# Work instruction
Nothing but the lines from the one with "Defender 110 | |||||||||||||||||||||||||||||||" through the end of the data should be set down, each exactly as written, and no picture should be included.
===
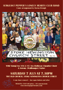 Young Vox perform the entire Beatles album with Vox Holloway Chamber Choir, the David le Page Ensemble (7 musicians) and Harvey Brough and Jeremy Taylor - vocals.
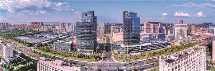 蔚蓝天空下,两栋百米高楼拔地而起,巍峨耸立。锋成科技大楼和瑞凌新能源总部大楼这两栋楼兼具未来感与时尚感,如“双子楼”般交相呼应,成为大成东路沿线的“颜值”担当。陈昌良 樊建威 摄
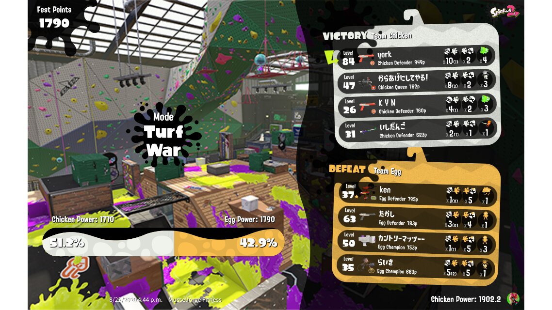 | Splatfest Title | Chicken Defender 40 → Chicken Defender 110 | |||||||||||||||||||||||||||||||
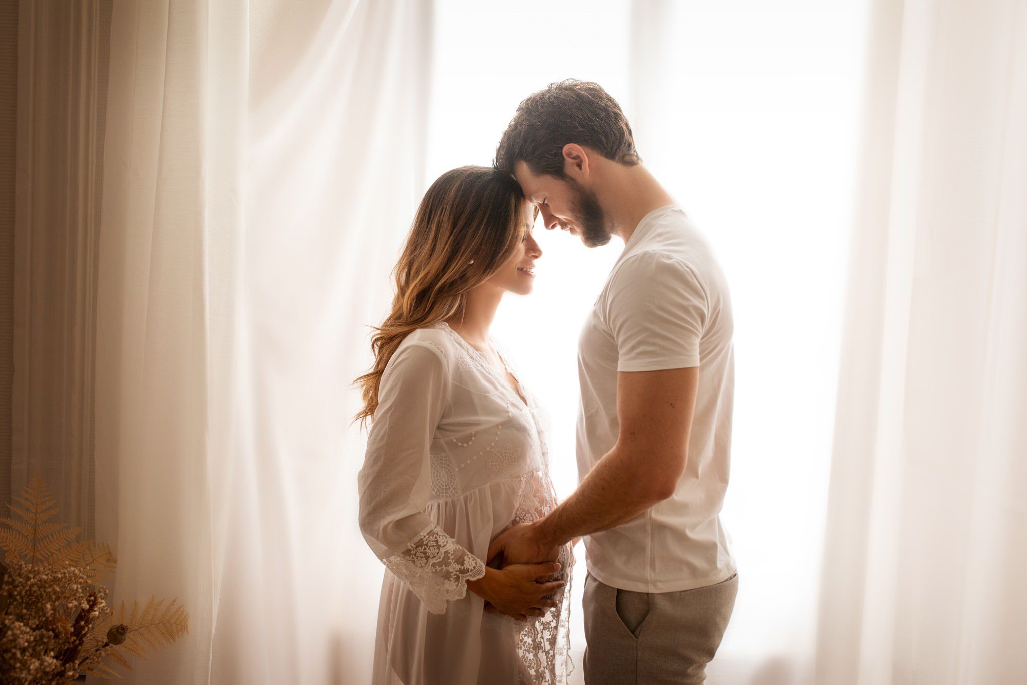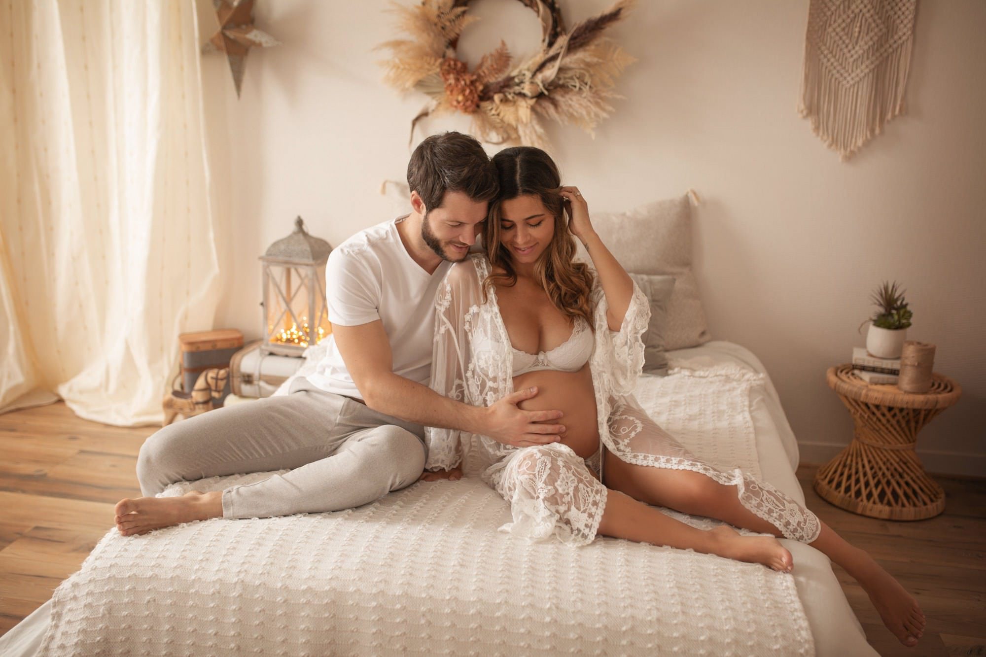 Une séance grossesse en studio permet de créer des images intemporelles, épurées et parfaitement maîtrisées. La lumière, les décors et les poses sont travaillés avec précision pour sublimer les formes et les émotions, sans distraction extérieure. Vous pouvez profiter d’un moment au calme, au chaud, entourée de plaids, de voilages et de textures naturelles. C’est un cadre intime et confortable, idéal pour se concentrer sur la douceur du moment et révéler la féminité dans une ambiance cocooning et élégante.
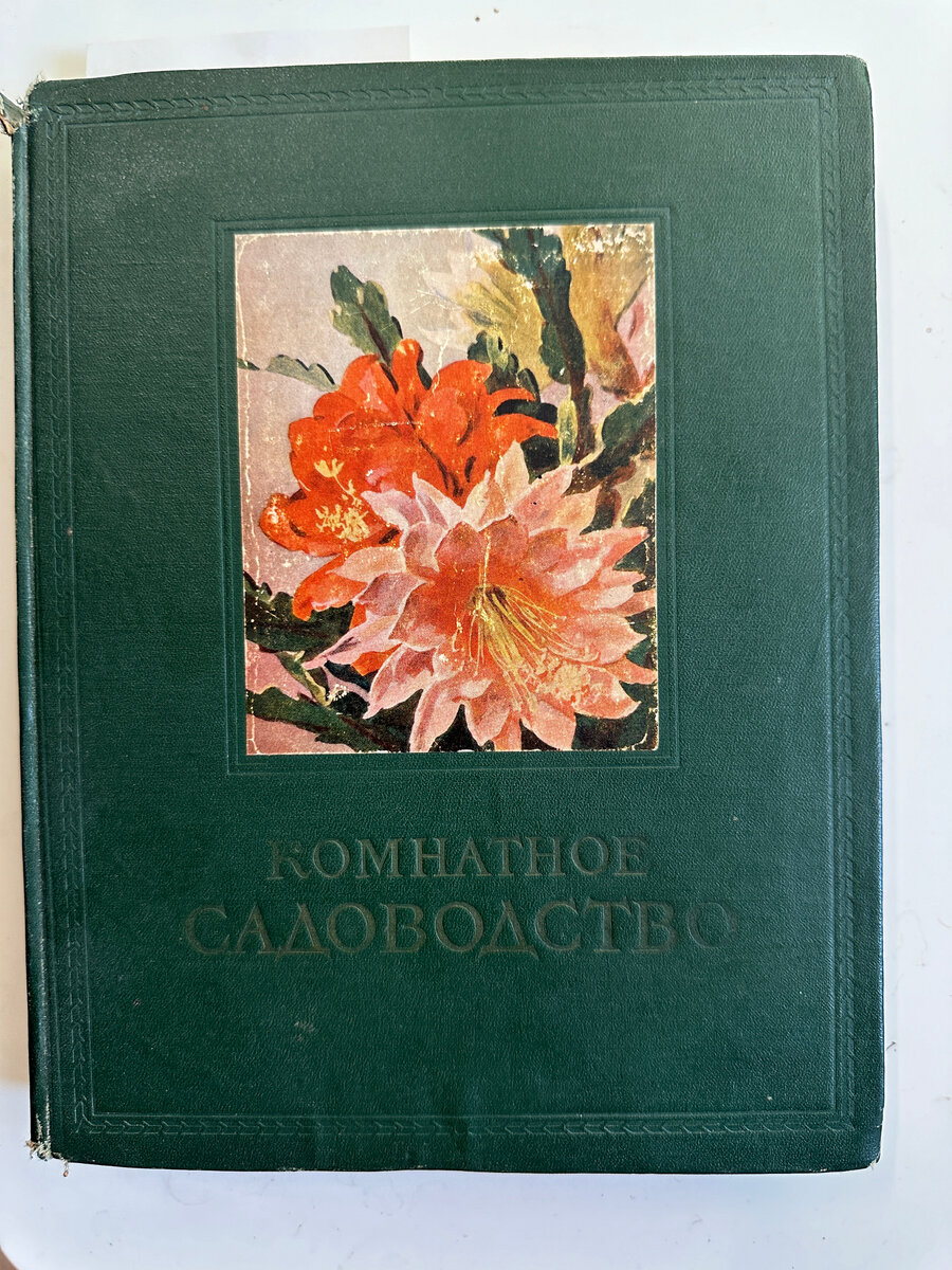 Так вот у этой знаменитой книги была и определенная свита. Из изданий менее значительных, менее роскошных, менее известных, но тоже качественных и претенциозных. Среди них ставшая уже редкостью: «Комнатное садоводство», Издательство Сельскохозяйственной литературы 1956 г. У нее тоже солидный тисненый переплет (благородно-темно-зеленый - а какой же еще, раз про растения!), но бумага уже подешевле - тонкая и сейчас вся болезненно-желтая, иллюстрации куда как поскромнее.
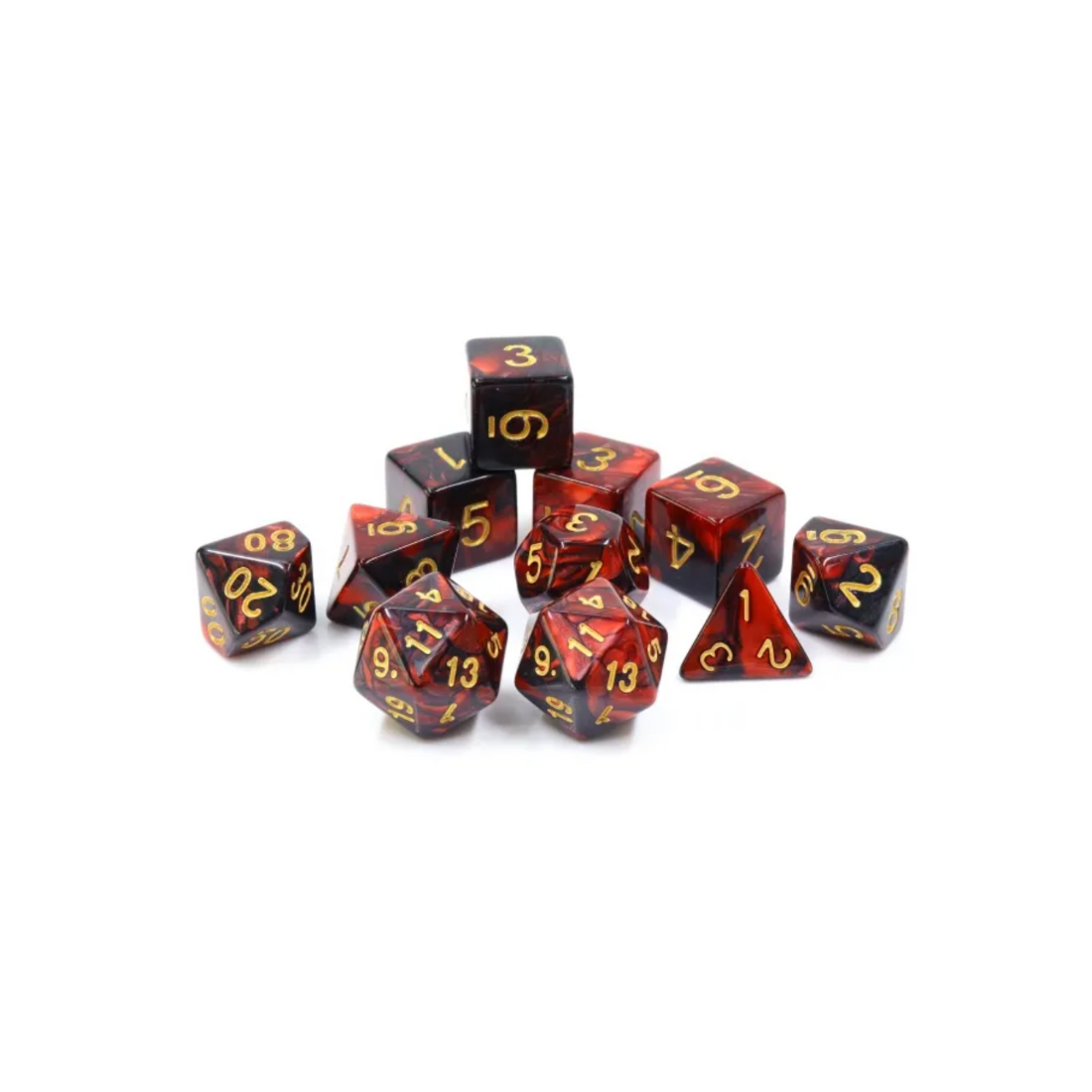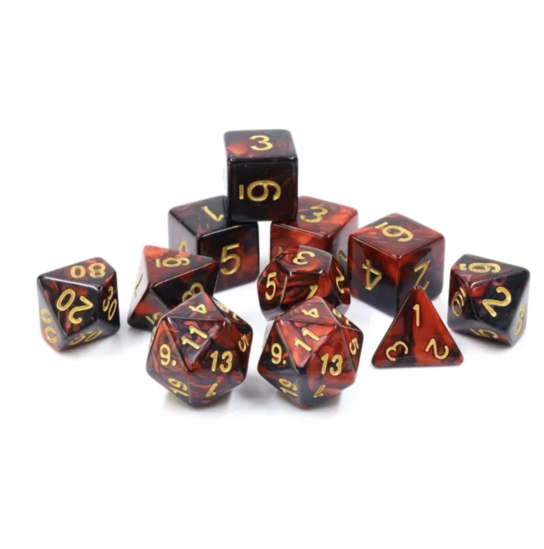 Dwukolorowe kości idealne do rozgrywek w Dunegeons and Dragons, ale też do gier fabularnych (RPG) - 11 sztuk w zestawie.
===
# Output of the exercise
 | Splatfest Title | Chicken Defender 40 → Chicken Defender 110 | |||||||||||||||||||||||||||||||
 Une séance grossesse en studio permet de créer des images intemporelles, épurées et parfaitement maîtrisées. La lumière, les décors et les poses sont travaillés avec précision pour sublimer les formes et les émotions, sans distraction extérieure. Vous pouvez profiter d’un moment au calme, au chaud, entourée de plaids, de voilages et de textures naturelles. C’est un cadre intime et confortable, idéal pour se concentrer sur la douceur du moment et révéler la féminité dans une ambiance cocooning et élégante.
 Так вот у этой знаменитой книги была и определенная свита. Из изданий менее значительных, менее роскошных, менее известных, но тоже качественных и претенциозных. Среди них ставшая уже редкостью: «Комнатное садоводство», Издательство Сельскохозяйственной литературы 1956 г. У нее тоже солидный тисненый переплет (благородно-темно-зеленый - а какой же еще, раз про растения!), но бумага уже подешевле - тонкая и сейчас вся болезненно-желтая, иллюстрации куда как поскромнее.
 Dwukolorowe kości idealne do rozgrywek w Dunegeons and Dragons, ale też do gier fabularnych (RPG) - 11 sztuk w zestawie.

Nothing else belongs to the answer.